Repeat verbatim, and only, the lines of the data below, beginning at the line that contains "VIDEO SUREVILLANCE AND ANPR MANAGEMENT" and stopping after the line that contains "5000TL Most Popular Model".

AVAILABLE DATA –
- - - - - - -

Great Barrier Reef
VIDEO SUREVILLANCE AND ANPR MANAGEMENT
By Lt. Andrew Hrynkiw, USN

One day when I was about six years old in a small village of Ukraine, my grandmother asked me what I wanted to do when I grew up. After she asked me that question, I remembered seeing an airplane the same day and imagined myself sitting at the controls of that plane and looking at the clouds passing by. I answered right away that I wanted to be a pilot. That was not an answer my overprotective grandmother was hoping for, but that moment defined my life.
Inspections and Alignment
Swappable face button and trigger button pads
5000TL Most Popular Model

- - - - - - -

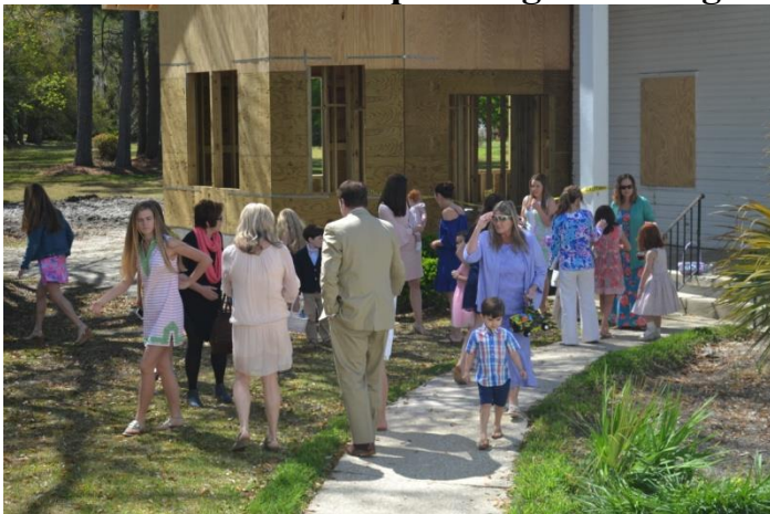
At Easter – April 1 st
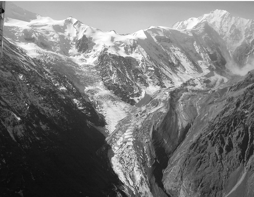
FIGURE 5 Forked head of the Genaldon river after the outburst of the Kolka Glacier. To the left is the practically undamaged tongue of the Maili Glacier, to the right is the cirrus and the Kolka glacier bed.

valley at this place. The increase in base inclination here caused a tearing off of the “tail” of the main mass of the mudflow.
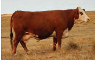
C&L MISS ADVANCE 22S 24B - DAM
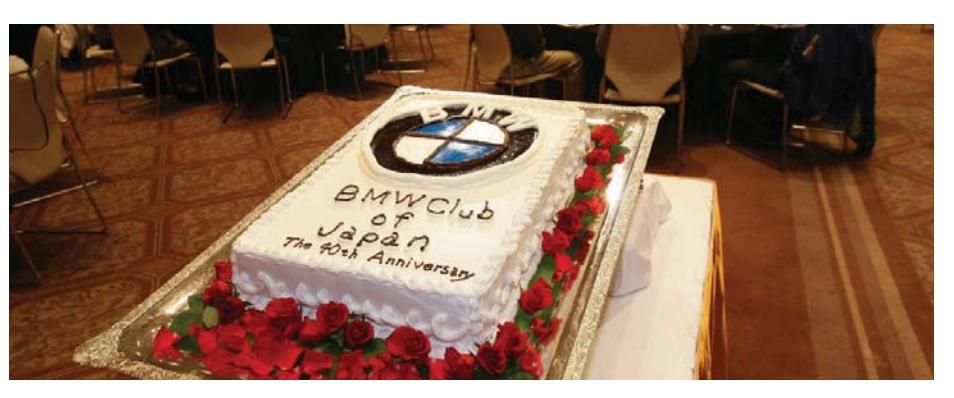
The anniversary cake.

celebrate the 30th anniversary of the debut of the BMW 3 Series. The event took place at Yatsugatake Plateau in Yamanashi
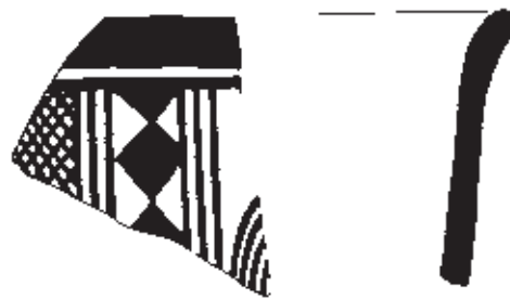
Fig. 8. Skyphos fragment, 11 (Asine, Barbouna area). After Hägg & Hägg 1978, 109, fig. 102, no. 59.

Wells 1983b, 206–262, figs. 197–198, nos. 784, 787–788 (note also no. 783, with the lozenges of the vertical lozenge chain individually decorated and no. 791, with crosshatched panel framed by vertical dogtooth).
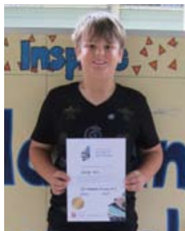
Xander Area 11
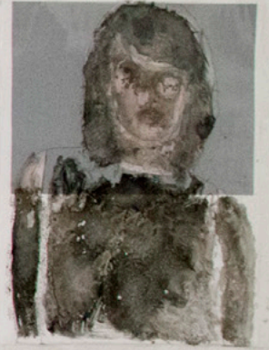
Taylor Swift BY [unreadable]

- - - - - - -

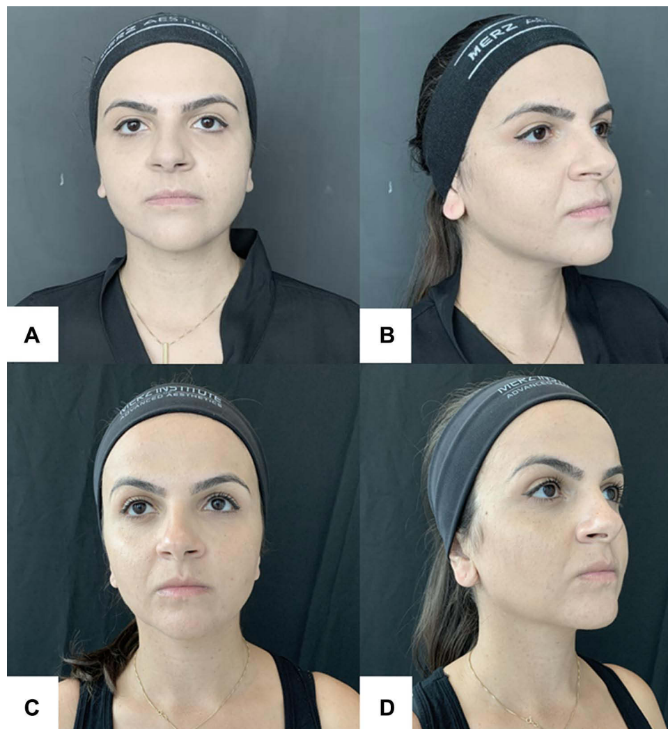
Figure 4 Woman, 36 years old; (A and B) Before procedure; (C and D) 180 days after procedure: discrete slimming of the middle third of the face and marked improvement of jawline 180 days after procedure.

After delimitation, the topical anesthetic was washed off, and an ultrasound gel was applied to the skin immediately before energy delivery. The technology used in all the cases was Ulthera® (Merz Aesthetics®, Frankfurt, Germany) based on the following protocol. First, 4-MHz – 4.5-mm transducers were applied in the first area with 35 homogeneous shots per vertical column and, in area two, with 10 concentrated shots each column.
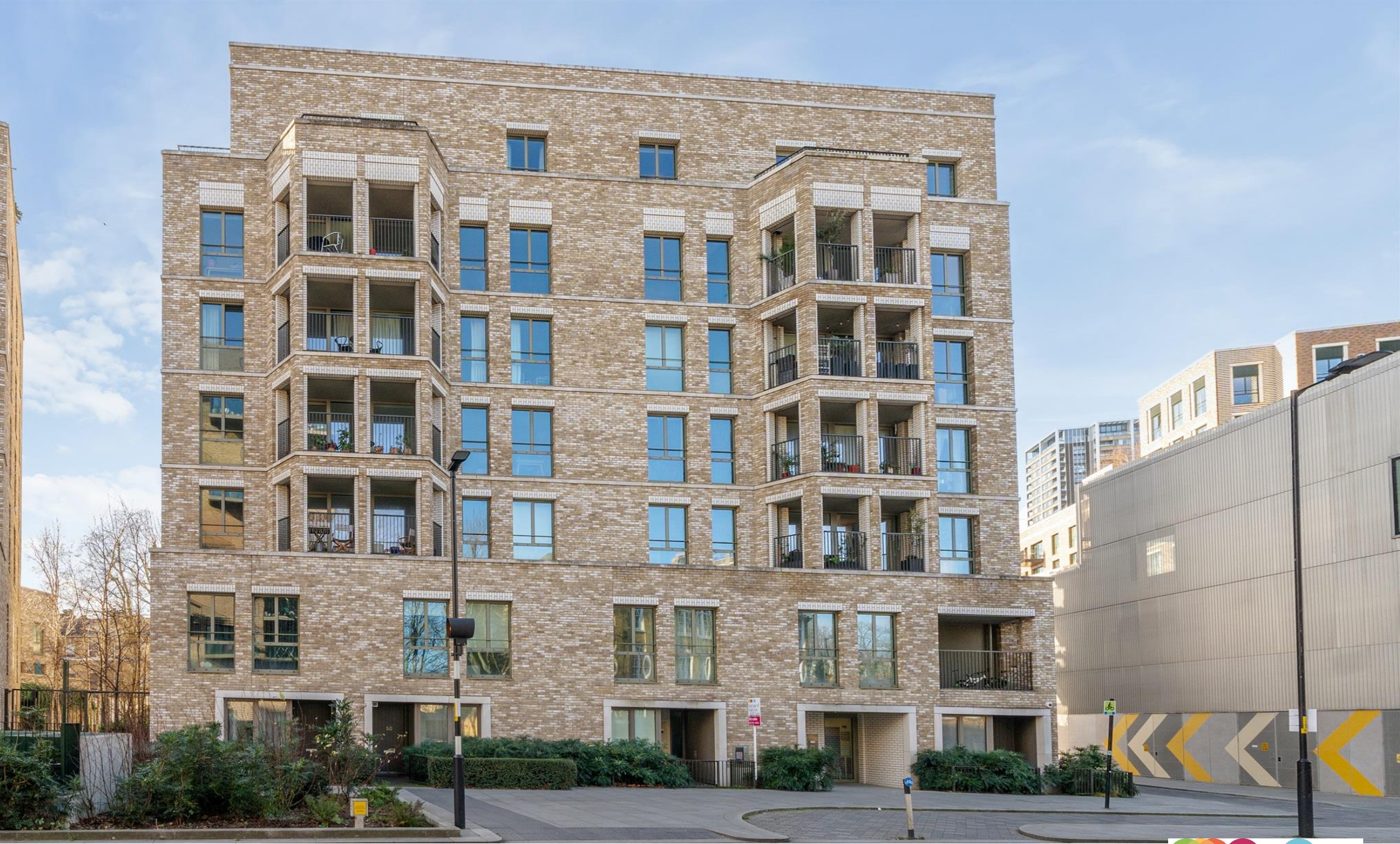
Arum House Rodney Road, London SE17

- - - - - - -

SOLUTION TO THE PROBLEM –
VIDEO SUREVILLANCE AND ANPR MANAGEMENT
By Lt. Andrew Hrynkiw, USN

One day when I was about six years old in a small village of Ukraine, my grandmother asked me what I wanted to do when I grew up. After she asked me that question, I remembered seeing an airplane the same day and imagined myself sitting at the controls of that plane and looking at the clouds passing by. I answered right away that I wanted to be a pilot. That was not an answer my overprotective grandmother was hoping for, but that moment defined my life.
Inspections and Alignment
Swappable face button and trigger button pads
5000TL Most Popular Model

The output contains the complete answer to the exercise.